#### TASK TO CARRY OUT:
Beginning at the line with "ITEM 01 CANETA ESFEROGRÁFICA PRETA", please repeat each line exactly through the end of the records below, including that first line and the last, but no pictures.

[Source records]
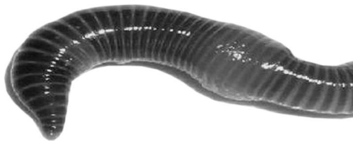
Wiero, de rode worm

Maar omdat elk kasteel een koning nodig heeft, besloten de bewoners dat ze een verkiezing zouden houden. Deze koning zou niet verkozen worden omdat hij dapper, knap of sterk was. Nee, deze koning zou gekozen worden omdat hij veel sappige geluiden kon maken en veel wormenhoopjes kon produceren. Toen de verkiezing begon, ging iedereen zitten. Iedereen mompelde, momperde en knauwde toen de kandidaten op het podium verschenen.
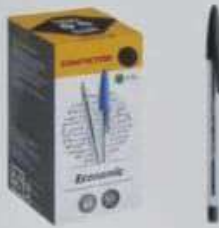
ITEM 01 CANETA ESFEROGRÁFICA PRETA
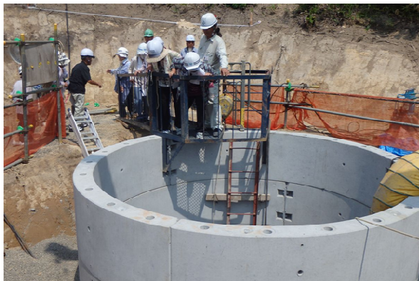
しゅうすいせい 集水井の視察
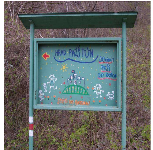
Tabuľa pri ceste k Pajštúnu

#### ANSWER BOX:
ITEM 01 CANETA ESFEROGRÁFICA PRETA
しゅうすいせい 集水井の視察
Tabuľa pri ceste k Pajštúnu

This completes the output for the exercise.